• Work item
Could you retype the material, starting at its first line and ending with the line holding "De Oval Solitaire", and keep the pictures out?

• Data excerpt
+---+

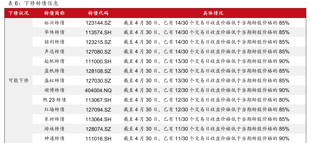 条款跟踪:截至4月30日,0支转债可能强赎,18支可能下修,4支提议下修;4月5支确认强赎,9支不强赎,4支确认下修,63支不下修。
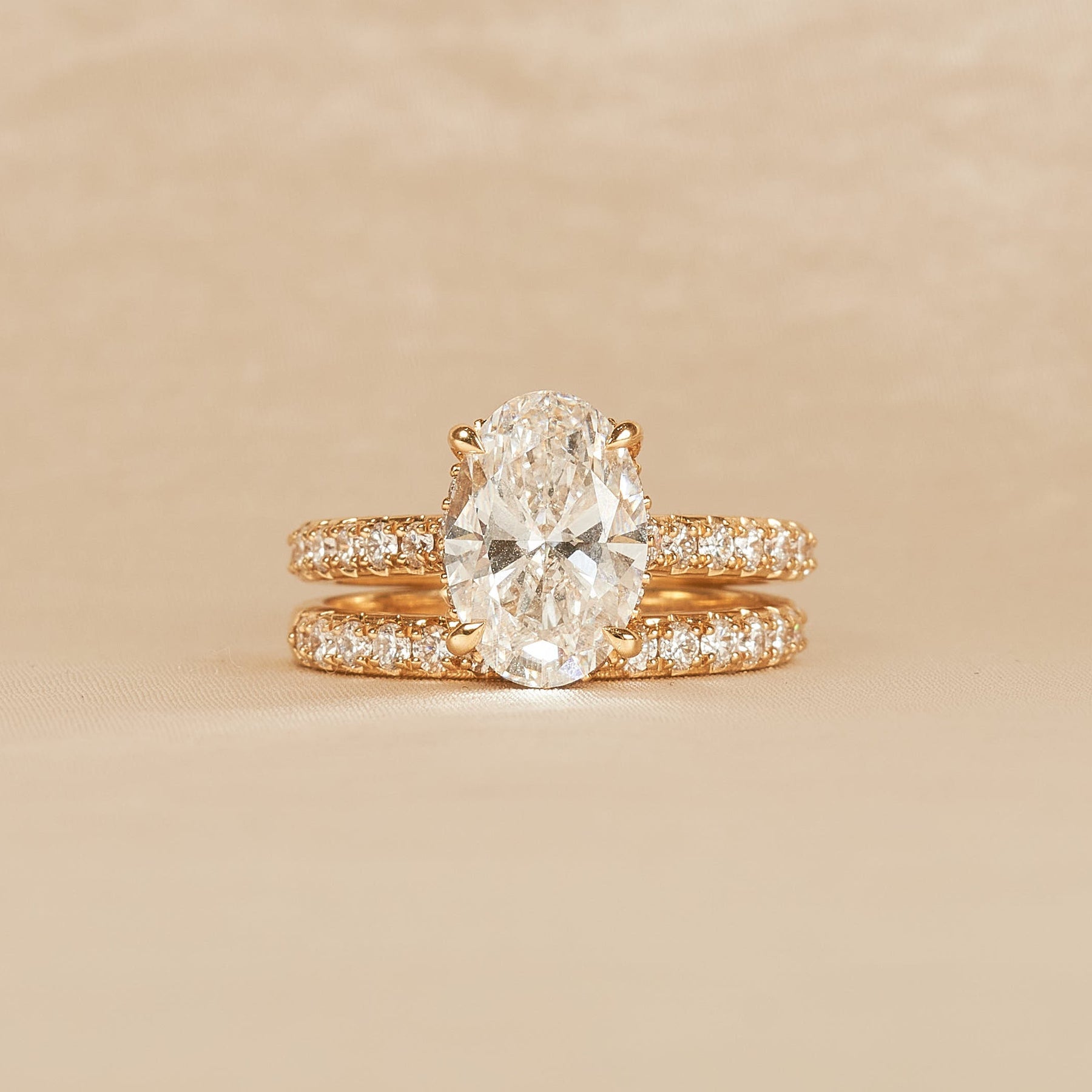 De Oval Solitaire Pavé Ring met bijpassende pavé band is een verfijnde en luxueuze interpretatie van de klassieke verlovingsring. Het ontwerp combineert een schitterende ovale lab grown diamant als middensteen met een elegante pavé-zetting langs de band, waardoor een prachtig fonkelend geheel ontstaat. De ovale vorm verlengt optisch de vinger en legt alle nadruk op de schittering en helderheid van de steen, terwijl de pavé band extra sprankeling toevoegt.
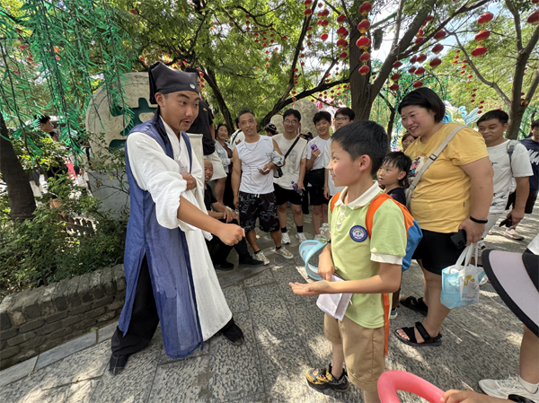 一踏入萬歲山武俠城,古色古香的宋代街巷和建筑便映入孩子們眼簾,仿佛穿越回了千年前的大宋。街道上,鄭記肉鋪、獅子樓、王婆茶莊等實景店鋪,充滿生活氣息,孩子們好奇地打量著,想象著古人的生活場景。街邊藝人的精彩表演引得孩子們陣陣驚嘆,歡呼聲此起彼伏?!度蜃<仪f》里,逼真的城墻、城門、大炮和烽火臺,激烈的戰(zhàn)斗場面配合影視爆破、云梯炮戰(zhàn)、大型馬術等實景拍攝技術,將《水滸傳》中的情節(jié)鮮活呈現(xiàn),孩子們看得目不轉睛,被綠林好漢們的江湖豪情深深吸引,演出結束后,掌聲雷動。在萬歲山武俠城內,孩子們還觀賞了多場精彩絕倫的演出。從《吊環(huán)》的驚險特技到《大宋奇兵》的英勇無畏,再到《李逵斷案》和《林沖戰(zhàn)楊志》……此外,孩子們還進行了一系列互動體驗活動。通過石頭剪刀布、投壺等游戲來賺取銀票,換取自己喜歡的物品。每一場演出都讓孩子們陶醉其中,流連忘返。

+---+

• Exercise response
 条款跟踪:截至4月30日,0支转债可能强赎,18支可能下修,4支提议下修;4月5支确认强赎,9支不强赎,4支确认下修,63支不下修。
 De Oval Solitaire Pavé Ring met bijpassende pavé band is een verfijnde en luxueuze interpretatie van de klassieke verlovingsring. Het ontwerp combineert een schitterende ovale lab grown diamant als middensteen met een elegante pavé-zetting langs de band, waardoor een prachtig fonkelend geheel ontstaat. De ovale vorm verlengt optisch de vinger en legt alle nadruk op de schittering en helderheid van de steen, terwijl de pavé band extra sprankeling toevoegt.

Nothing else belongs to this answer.